DATASET EXCERPTS —
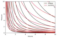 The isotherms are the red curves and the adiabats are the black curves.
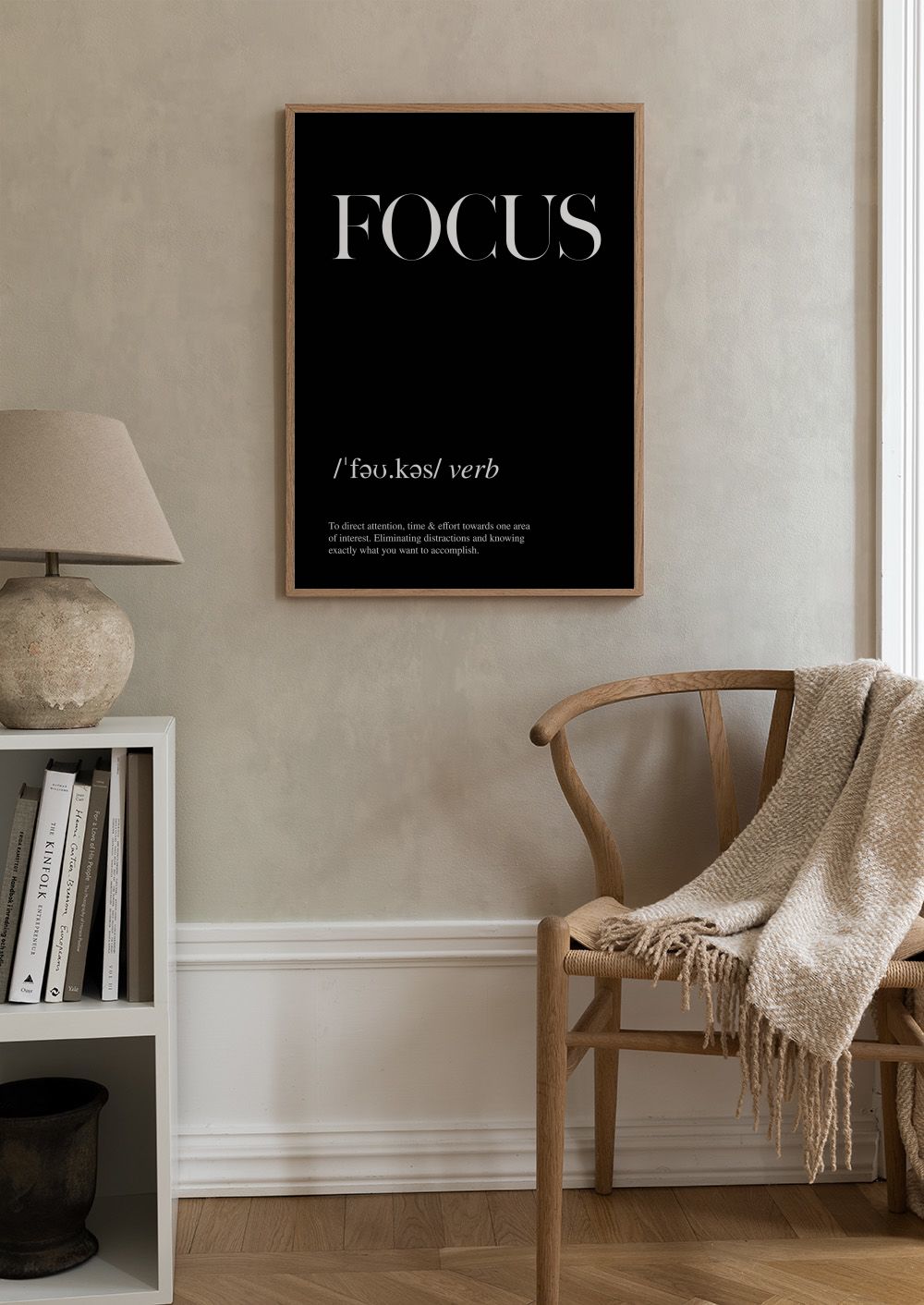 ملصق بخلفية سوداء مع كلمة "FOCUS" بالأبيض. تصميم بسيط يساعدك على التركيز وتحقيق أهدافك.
---
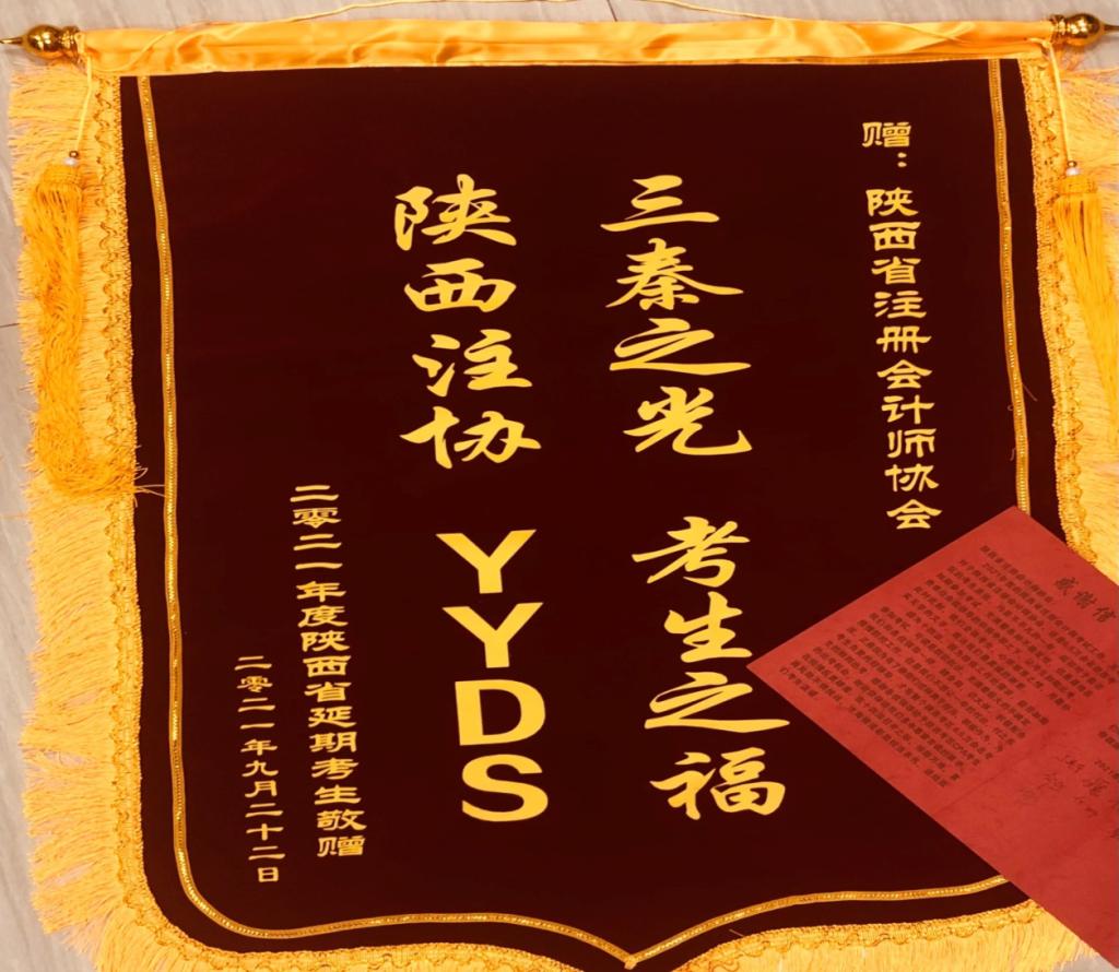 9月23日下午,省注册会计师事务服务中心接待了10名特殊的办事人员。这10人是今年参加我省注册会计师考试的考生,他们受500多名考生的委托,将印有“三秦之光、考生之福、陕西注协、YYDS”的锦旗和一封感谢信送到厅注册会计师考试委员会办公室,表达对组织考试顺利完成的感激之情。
* * *
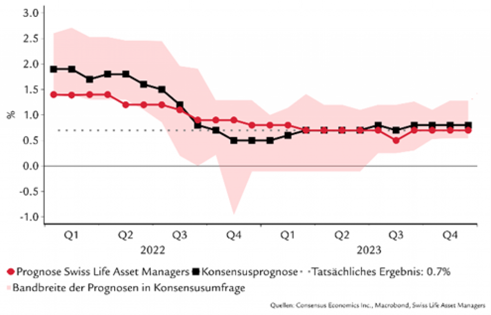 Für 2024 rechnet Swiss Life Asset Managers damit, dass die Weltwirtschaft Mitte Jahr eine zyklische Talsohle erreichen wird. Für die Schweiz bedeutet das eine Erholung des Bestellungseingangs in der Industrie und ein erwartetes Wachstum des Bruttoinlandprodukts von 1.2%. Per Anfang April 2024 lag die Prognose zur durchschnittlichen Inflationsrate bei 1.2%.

THE TASK — Please print the lines above word for word, starting at the one with "The isotherms are" and ending at the one with "ملصق بخلفية سوداء", both included, and without any picture.

RESPONSE AREA —
 The isotherms are the red curves and the adiabats are the black curves.
 ملصق بخلفية سوداء مع كلمة "FOCUS" بالأبيض. تصميم بسيط يساعدك على التركيز وتحقيق أهدافك.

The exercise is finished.